The transition that we are considering here is,
 ${H_2}O(l) \to {H_2}O(g)$
Given in the question,
Enthalpy change, $\Delta {H_{vapour}} = 40.8KJmo{l^{ - 1}}$
Temperature, \[T = 373K\]
We know that,
The entropy change for the vaporization of water is given by,
 $\Delta {S_{vapour}} = \dfrac{{\Delta {H_{vapour}}}}{{{T_{vapour}}}}$
Putting the values in the above equation, we get
 $\Delta {S_{vapour}}40.8 \times 1000\dfrac{{Jmo{l^{ - 1}}}}{{373K}}$

 $ \Rightarrow \Delta {S_{vapour}} = 109.38\,J{K^{ - 1}}mo{l^{ - 1}}$

So, the entropy change $(\Delta {S_{vapour}})$ for the process is 109. 38 $J{K^{ - 1}}mo{l^{ - 1}}$

Note: Whenever we are vaporising water at 373 K, we add heat, while temperature remains constant.

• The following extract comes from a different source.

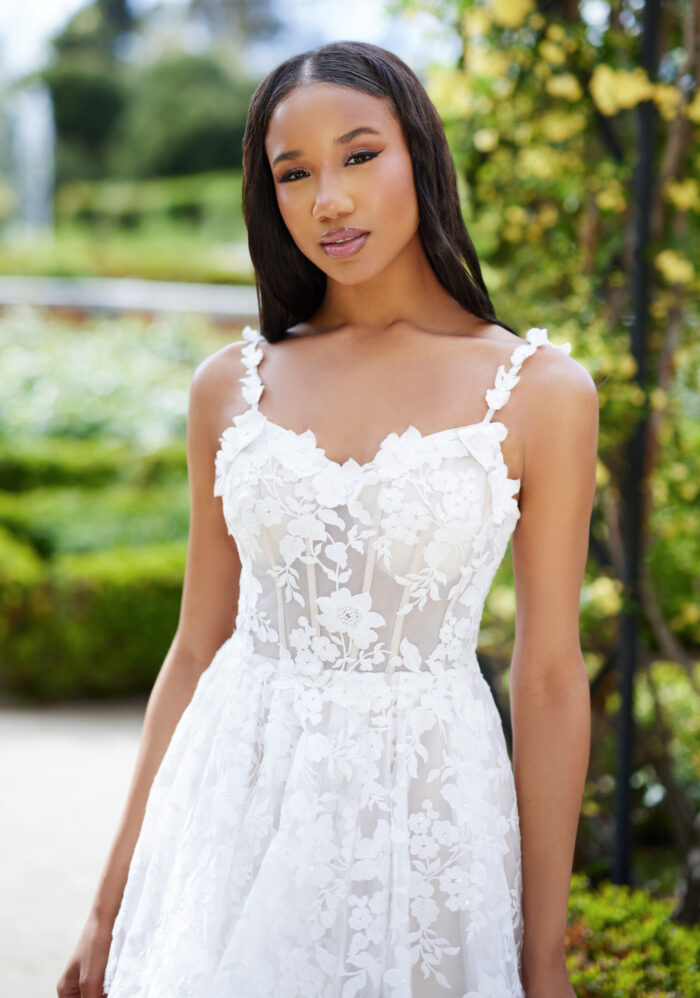 a beautiful mini dress with a beaded body lace sweetheart bikini neckline and lacing in the back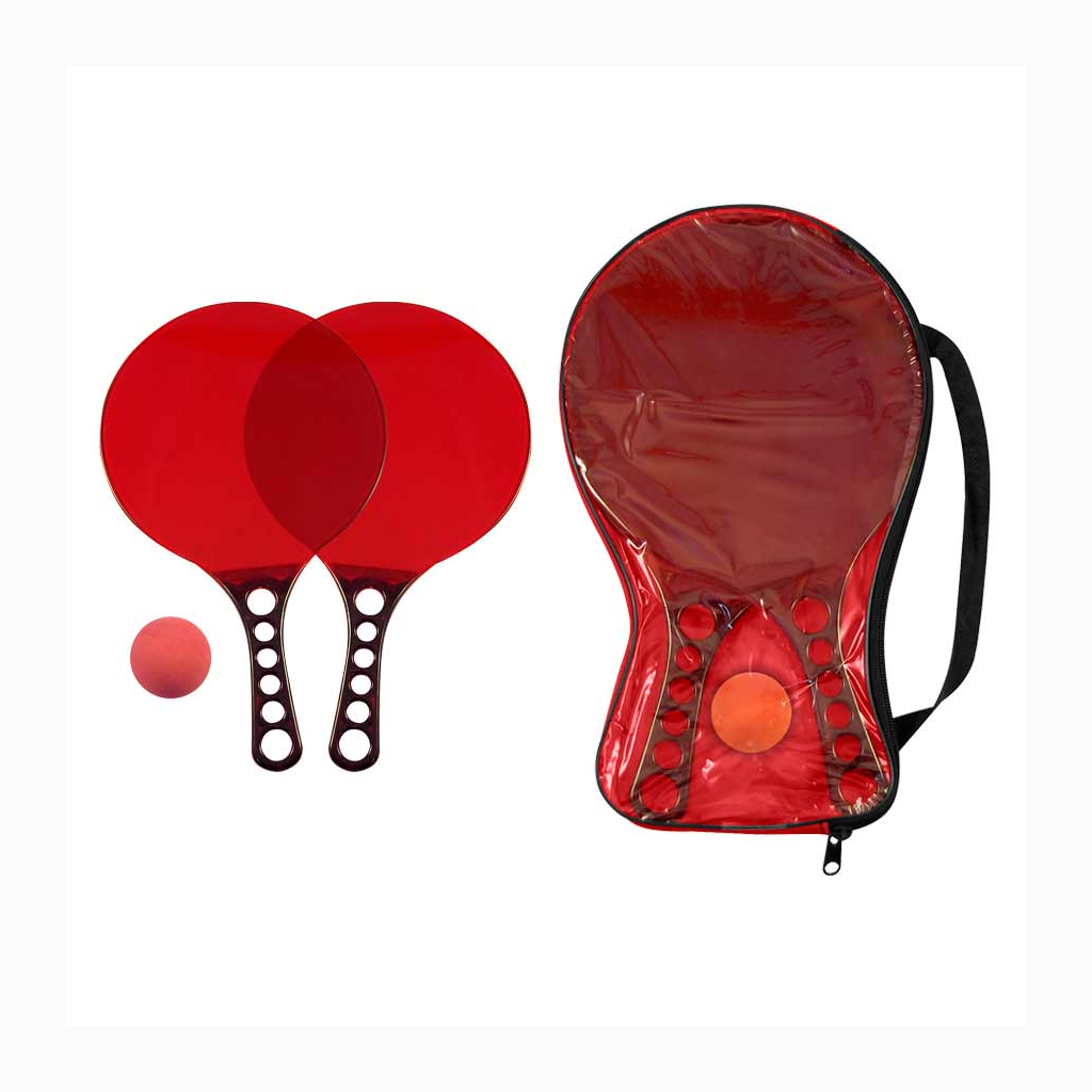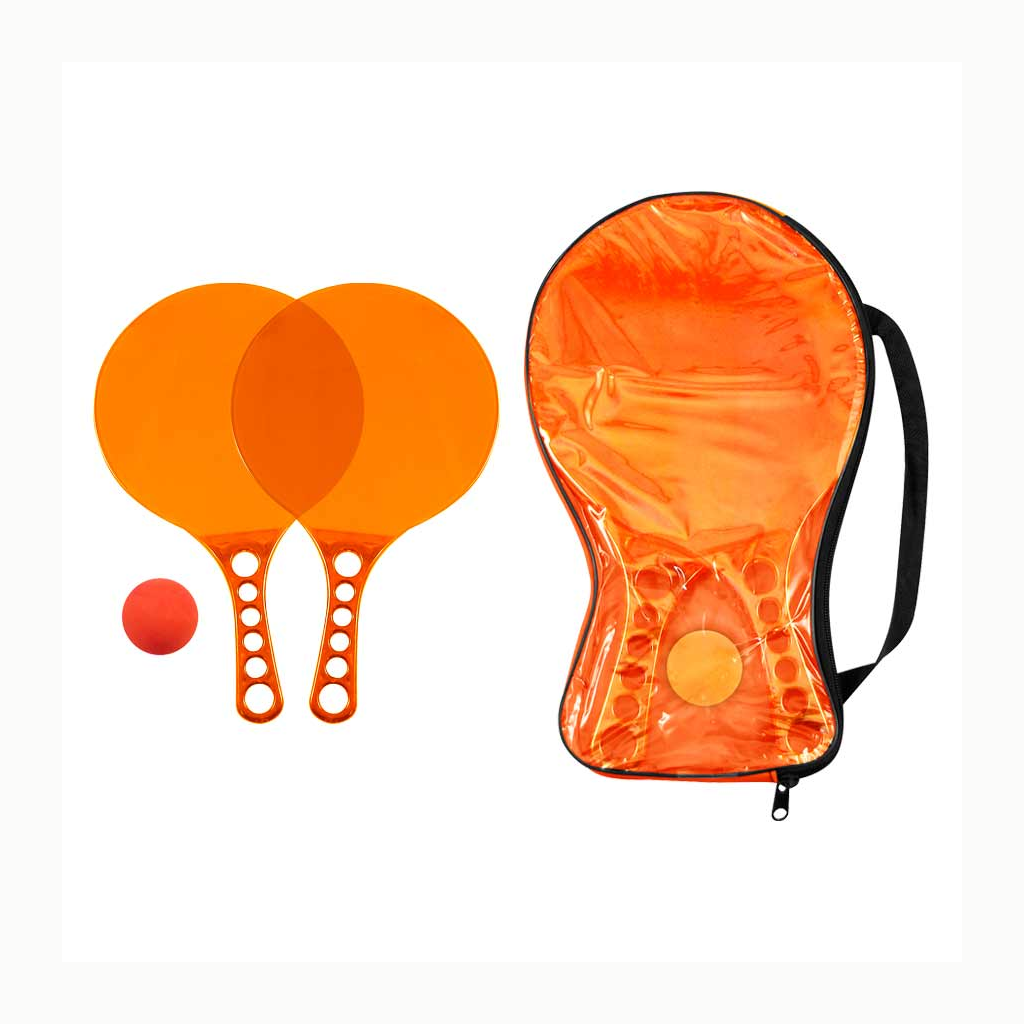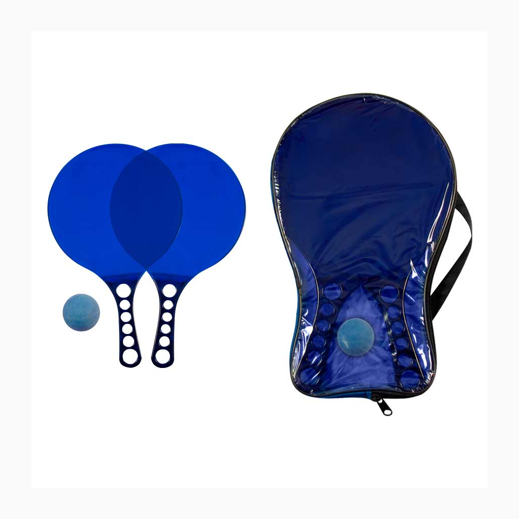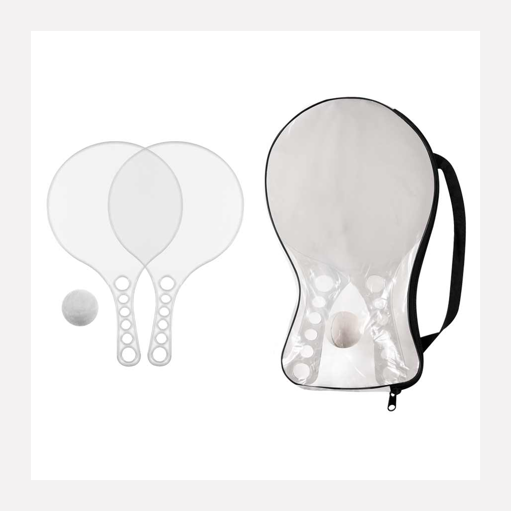 Set de Paletas de Playa de Acrílico de color Traslúcido, incluye estuche de PVC y pelotita de goma.

But both enthalpy and entropy will increase. During vaporization the randomness of the system increases, so the change in entropy will always have a positive value and cannot be zero since the degree of disorder increases in the transition from a liquid in a relatively small volume to a vapour or gas occupying a much larger space. Change in temperature, change in volume and change in phase will lead to change in entropy.